On Friday, we went to a city called Constitución. We traveled via train from Talca and that was the first exciting part of the trip. All of us were expecting a large modern train but we were all surprised when a tiny, old, rickety train pulled up to get us that had to date back to the early 1900s. It was a loud, bumpy train ride and the conductor honked an extremely loud horn throughout the trip that made many of us jump with surprise even after hearing it several times already.
The train ride was filled with beautiful views of mountains, rivers and large fields of different crops. Sometimes, the train even went between a clearing between two cliff edges making a small tunnel. The seats were small and uneven, but the experience made up for it.
Halfway to our destination, the train stopped in a small village in the middle of nowhere with food vendors of homemade goods and a small, family-owned shop with snacks and water. The locals of this rural town looked us up and down in awe but they were very welcoming to us.
Some of the houses we saw along the train ride were very small and run down, like shacks. I found myself wondering throughout the trip how much access they have to food, healthcare and other basic needs to sustain life since they lived in such a rural part of the country.
As we got closer to our destination, I noticed more and more poverty. I saw homeless people laying alongside shacks in old ratty clothes on cement or grass with shabby old blankets. When we got to Constitución, I knew it was the poorest place we had visited in Chile so far. The train station we arrived at appeared unclean and people immediately started begging us for money. We then began to walk to find food. Our journey began on uneven sidewalks alongside abandoned, earthquake-damaged houses. The sidewalks crumbled beneath my feet and I couldn't help but worry for the safety of the community and wonder how any handicapped person could get from point A to point B in this city.
We made our way to a street with tons of markets and vendors selling used clothing that were thrown about in piles, with people scavenging through them, desperately searching for something to buy. Street vendors also sold food. To our surprise, we saw whole, cooked chickens sitting out in the hot sun for sale. I saw hundreds of rotten strawberries sitting out at a fruit stand for sale, and we also saw eggs for sale that were not being refrigerated.
Overall, we noticed there was little attempt to repair earthquake damage whereas in Talca we saw a ton of construction and less damage due to the fact that many buildings had already been repaired since the earthquake.
We then went to a restaurant, which was just a kitchen in a market with four women cooking traditional Chilean food in front of us at tables right next to them. This was honestly my favorite dining experience in Chile overall. Many of us got homemade pastel de choclo; this dish is a casserole with ground corn, chicken, ground beef and hard boiled eggs, and it is served with sugar on top. It tasted amazing and sweet.
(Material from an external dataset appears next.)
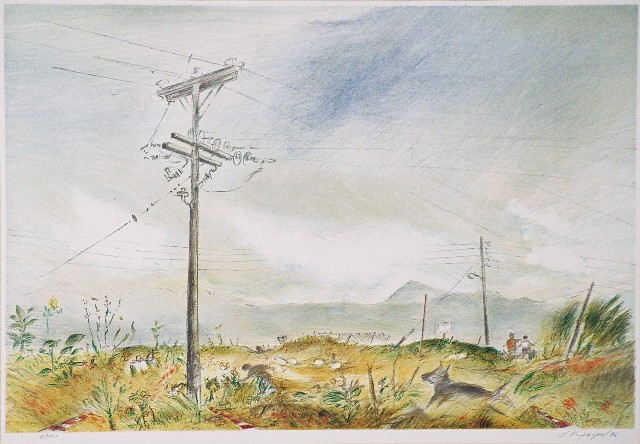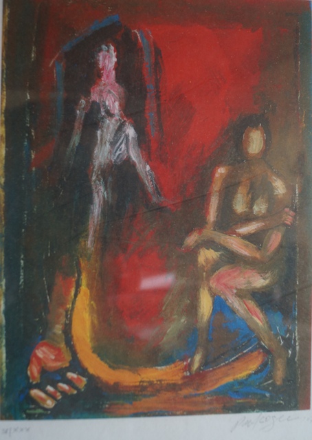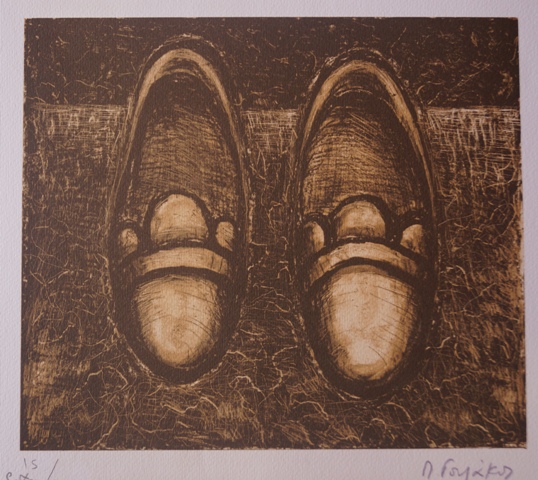 Βακιρτζής Γιώργος (1923-1988), Οι νέοι με τα πρησμένα πόδια που τους έλεγαν αλήτες, 1979, μεταξοτυπία, 57 x 39 εκ., 125/240, Πινακοθήκη Χαρακτικής Δήμου Ζίτσας.

Next we ventured to the beach. On the way there, we came across a park with different stations to workout and get physical activity. There was a sign with directions on how to use each of them, how long to be at each station and how many sets to do on each machine. They had equipment to train cardiovascular, flexibility, strength and conditioning. We thought this was awesome that they promote a healthy lifestyle in this city. We also saw some of these in Santiago.
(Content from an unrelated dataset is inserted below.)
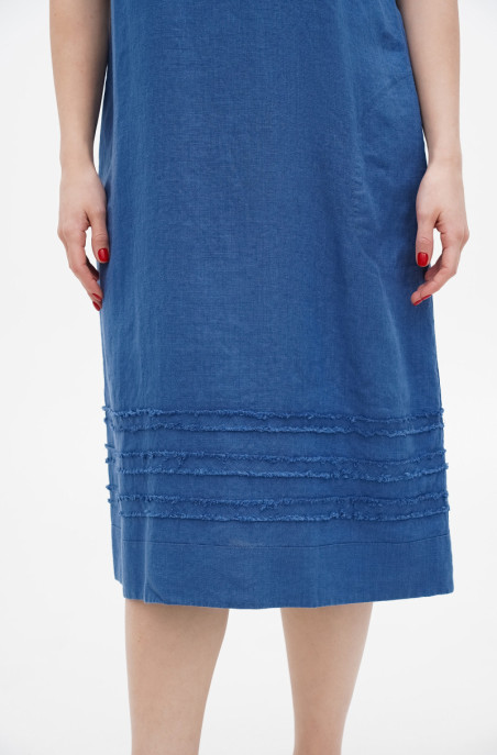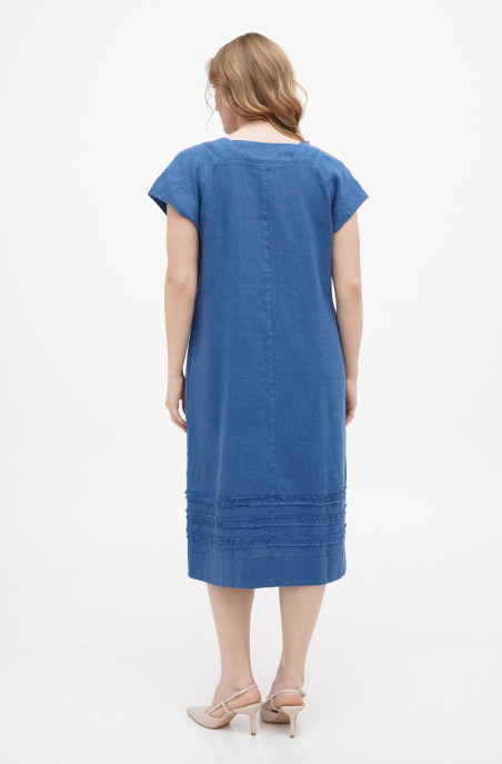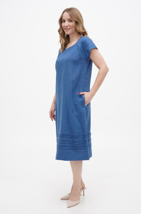 Лляна сукня для великих фігур. Сукня прямого силуету з ефектом креш, у бічних швах є кишені. Сукня без застібки.

Finally, we arrived at a beautiful, cliff-side beach with breathtaking views of rocks and caves, turquoise water and black sand. Along the beach were small shacks and concession stands selling snacks and drinks. We were amazed because in the U.S. this type of beach would be lined with multi-million dollar beach-side homes. It would probably be inhabited with rich, upper-class citizens. This beautiful beach however was very humble. The only other odd thing we noticed was that right next to this beach there was some sort of industrial factory with enormous piles of sand and construction vehicles outside. We thought it was odd to see that right next to this beach, on the water.
Overall, we saw the most poverty and earthquake wreckage so far in Constitución yet I think it was the most fun and culturally-enriching experience so far for a lot of us.